Clinical findings of MECP2 severe neonatal encephalopathy

  • Microcephaly
  • Relentless clinical course that follows a metabolic-degenerative type of pattern
  • Abnormal tone
  • Involuntary movements
  • Severe seizures
  • Breathing abnormalities (including central hypoventilation or respiratory insufficiency)

Clinical findings of MECP2 severe intellectual disability (including PPM-X syndrome)

  • Moderate-to-severe intellectual disability
  • Resting tremor
  • Slowness of movements
  • Ataxia
  • PPM-X syndrome: pyramidal signs, parkinsonism, and macroorchidism
  • No seizures or microcephaly
  • Usually normal brain MRI, EEG, EMG, and nerve conduction velocity studies

Establishing the Diagnosis

Female proband. The diagnosis of a MECP2 disorder is usually established in a female proband with suggestive findings and a heterozygous pathogenic variant in MECP2 identified by molecular genetic testing (see Table 1).

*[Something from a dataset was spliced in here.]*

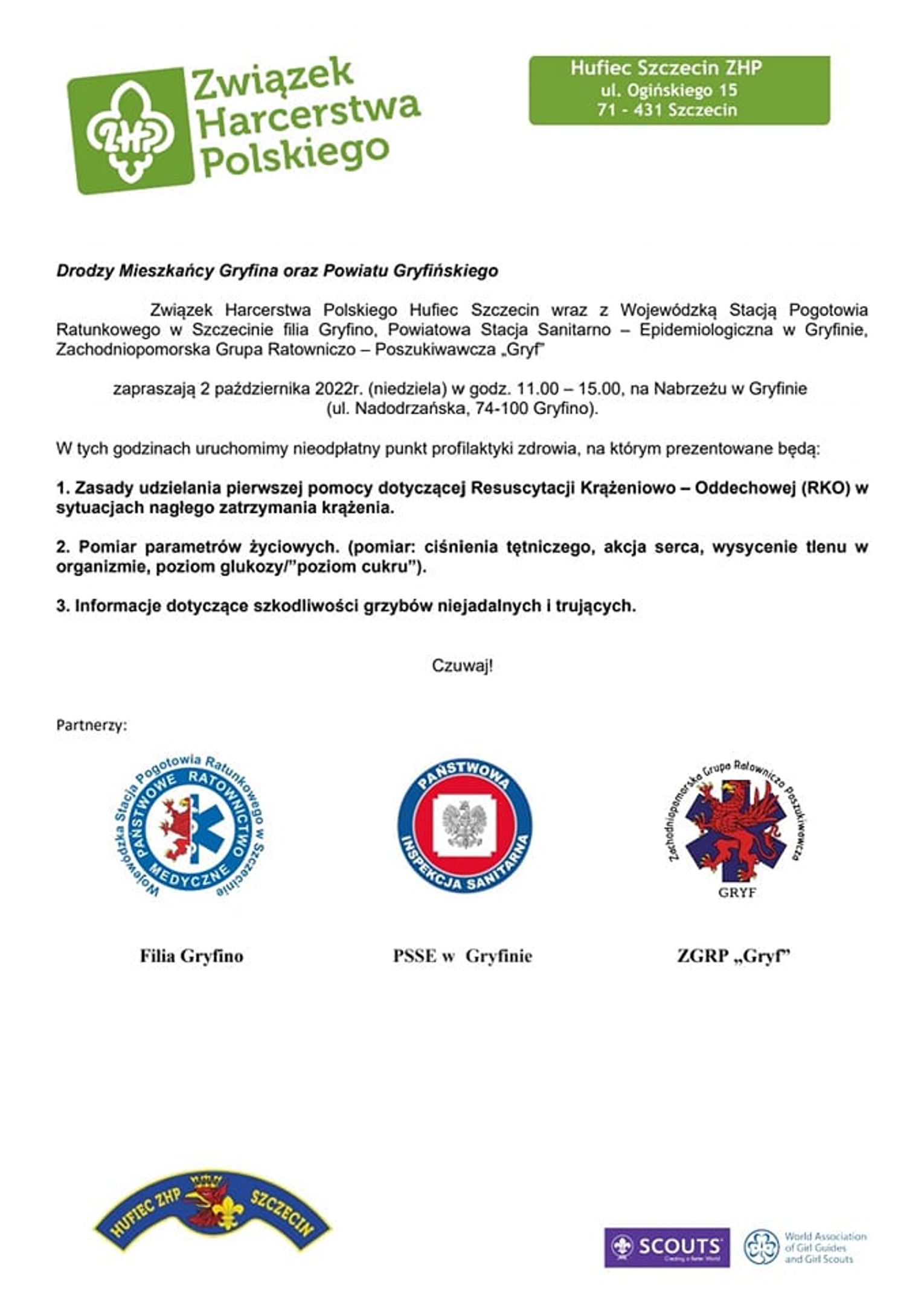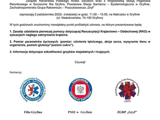 Wojewódzka Stacja Pogotowia Ratunkowego Filia Gryfino – Chojna, Powiatowa Stacja Sanitarno-Epidemiologiczna w Gryfinie, Hufiec ZHP Szczecin, Zachodniopomorska Grupa Ratowniczo-Poszukiwawcza GRYF zapraszają dzisiaj 2 października 2022r. (niedziela) na gryfińskie nabrzeże. Jest tam uruchomiony nieodpłatny punkt profilaktyki zdrowia.

Male proband. The diagnosis of a MECP2 disorder is established in a male proband with suggestive findings and a hemizygous pathogenic variant in MECP2 identified by molecular genetic testing (see Table 1).

Molecular genetic testing approaches can include a combination of gene-targeted testing (either single-gene or multigene panel) or comprehensive genomic testing (exome sequencing, exome array, genome sequencing) depending on the phenotype.

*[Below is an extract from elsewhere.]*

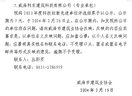 >威建協(xié)字2024年10號威海市建筑業(yè)協(xié)會關(guān)于對2023年度威海市建筑業(yè)科技創(chuàng)新先進單位評選結(jié)果的公示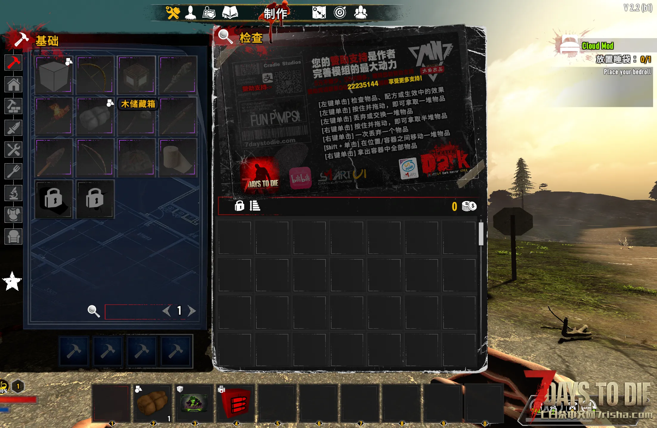 有BUG我游戏版本是2.2B1,,UI用的smartUI 使用狐臭mod制作栏没有显示,去掉mod就好了,是不是只能2.4使用

Gene-targeted testing requires that the clinician determine which gene(s) are likely involved, whereas genomic testing does not. Because the phenotype of MECP2 disorders is broad, females with the distinctive findings described in Suggestive Findings are likely to be diagnosed using gene-targeted testing (see Option 1), whereas females and males with a phenotype indistinguishable from many other inherited disorders with intellectual disability and/or neonatal encephalopathy are more likely to be diagnosed using genomic testing (see Option 2).

Option 1

When the clinical findings suggest the diagnosis of a MECP2 disorder, molecular genetic testing approaches can include use of single-gene testing or a multigene panel:

  • Single-gene testing. Sequence analysis of MECP2 detects small intragenic deletions/insertions and missense, nonsense, and splice site variants. If no pathogenic variant is found, perform gene-targeted deletion/duplication analysis to detect intragenic deletions or duplications. Note: Lack of amplification by PCR prior to sequence analysis can suggest a putative (multi)exon or whole-gene deletion on the X chromosome in affected males; confirmation requires additional testing by gene-targeted deletion/duplication analysis.
  • Various multigene panels such as Rett/Angelman syndrome panels and more comprehensive childhood-onset epilepsy panels that include MECP2 and other genes of interest (see Differential Diagnosis) are most likely to identify the genetic cause of the condition at the most reasonable cost while limiting identification of variants of uncertain significance and pathogenic variants in genes that do not explain the underlying phenotype. Note: (1) The genes included in the panel and the diagnostic sensitivity of the testing used for each gene vary by laboratory and are likely to change over time. (2) Some multigene panels may include genes not associated with the condition discussed in this GeneReview. (3) In some laboratories, panel options may include a custom laboratory-designed panel and/or custom phenotype-focused exome analysis that includes genes specified by the clinician. (4) Methods used in a panel may include sequence analysis, deletion/duplication analysis, and/or other non-sequencing-based tests. For this disorder a multigene panel that also includes deletion/duplication analysis is recommended (see Table 1).
    For an introduction to multigene panels click here. More detailed information for clinicians ordering genetic tests can be found here.

Option 2

When the phenotype overlaps with many other inherited disorders characterized by intellectual disability and/or neonatal encephalopathy, comprehensive genomic testing (which does not require the clinician to determine which gene[s] are likely involved) is another option. Exome sequencing is most commonly used; genome sequencing is also possible.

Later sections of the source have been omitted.